(Records contained in a dataset)
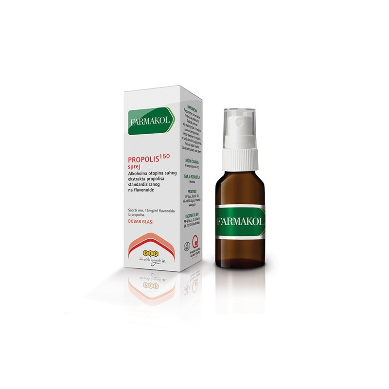 Farmakol Propolis 150 sprej je dodatak prehrani koji sadrži standardizirani suhi ekstrakt propolisa, poznat po svojim protuupalnim i baktericidnim svojstvima. Namijenjen je ublažavanju nadražaja sluznice grla i usne šupljine, posebno kod otežanog gutanja, promuklosti, upale ždrijela, stanja gripe i viroze. Proizvod je namijenjen djeci od 12 godina i odraslima.
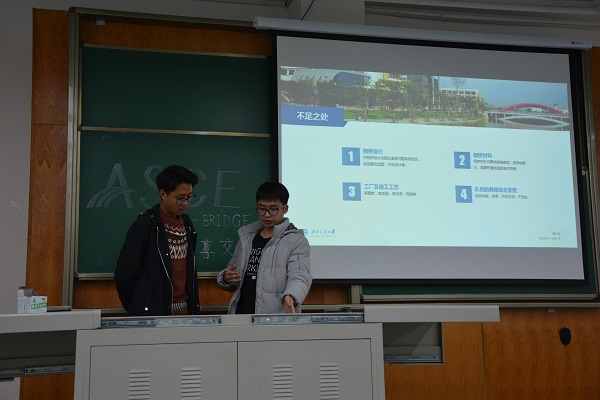 本次交流分享会可分为“赛前准备”“比赛实况”以及“经验与反思”三部分,依次由王皓正、王乾屾、胡萧越、冯乾宽、金云涛、邓江绪、廖文杰、黄道兴两两分组进行分享,全方位介绍了钢桥赛的整个流程,为将来参加钢桥比赛的同学们提出了宝贵意见。
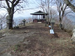 ようやくたどりついた葛尾城。石垣もあり、すごすぎて画デジカメを持つ手も震える険しい堀切あり、切岸あり、本丸あり、村上義清の旗あり。そういう山頂のさまざまな技巧よりもそもそも高度が高すぎて実に攻める気の失せそうな城であった。
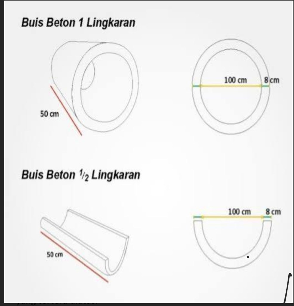 Harga Buis beton setengah lingkaran ( 1/2 ) adalah 2/3 dari harga yang tertera diatas.
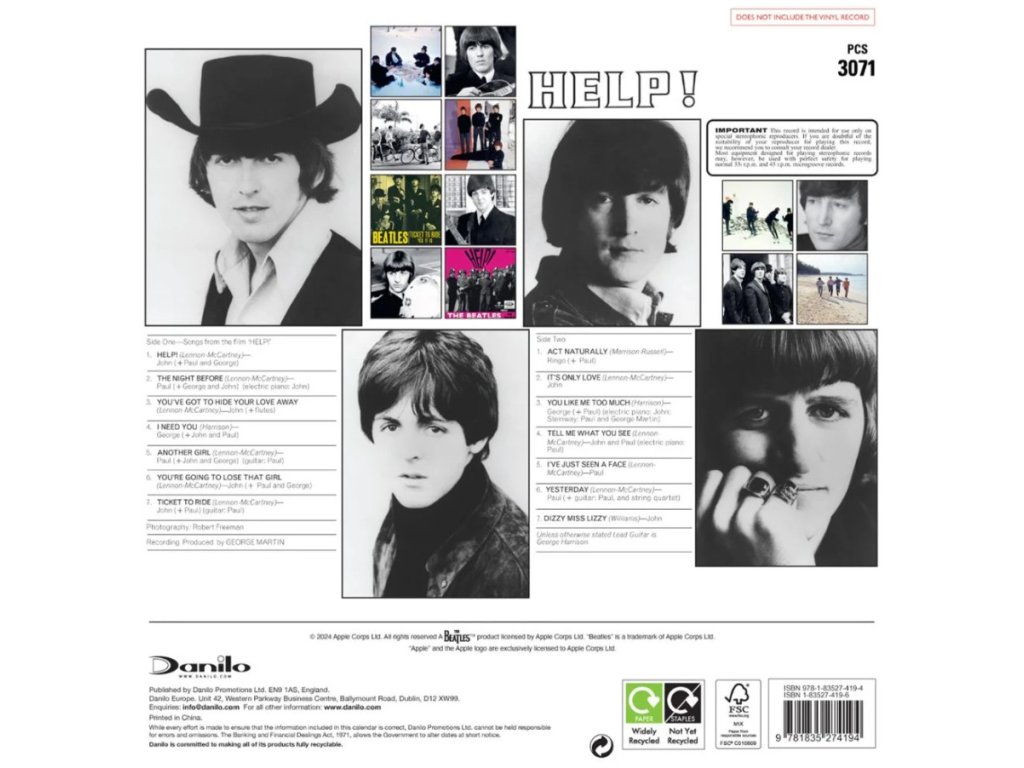 Nástěnný kalendář čtvercového square formátu (30,5 x 30,5 cm), provedený jako LP vinylová deska s celkem 12 fotografiemi a grafickými obrázky k albu Beatles.

• _What you need to do_
No pictures belong in the output. It should reproduce exactly the lines from the one containing "Harga Buis beton" through the end of the data, both ends included.

• _Solution for this exercise_
 Harga Buis beton setengah lingkaran ( 1/2 ) adalah 2/3 dari harga yang tertera diatas.
 Nástěnný kalendář čtvercového square formátu (30,5 x 30,5 cm), provedený jako LP vinylová deska s celkem 12 fotografiemi a grafickými obrázky k albu Beatles.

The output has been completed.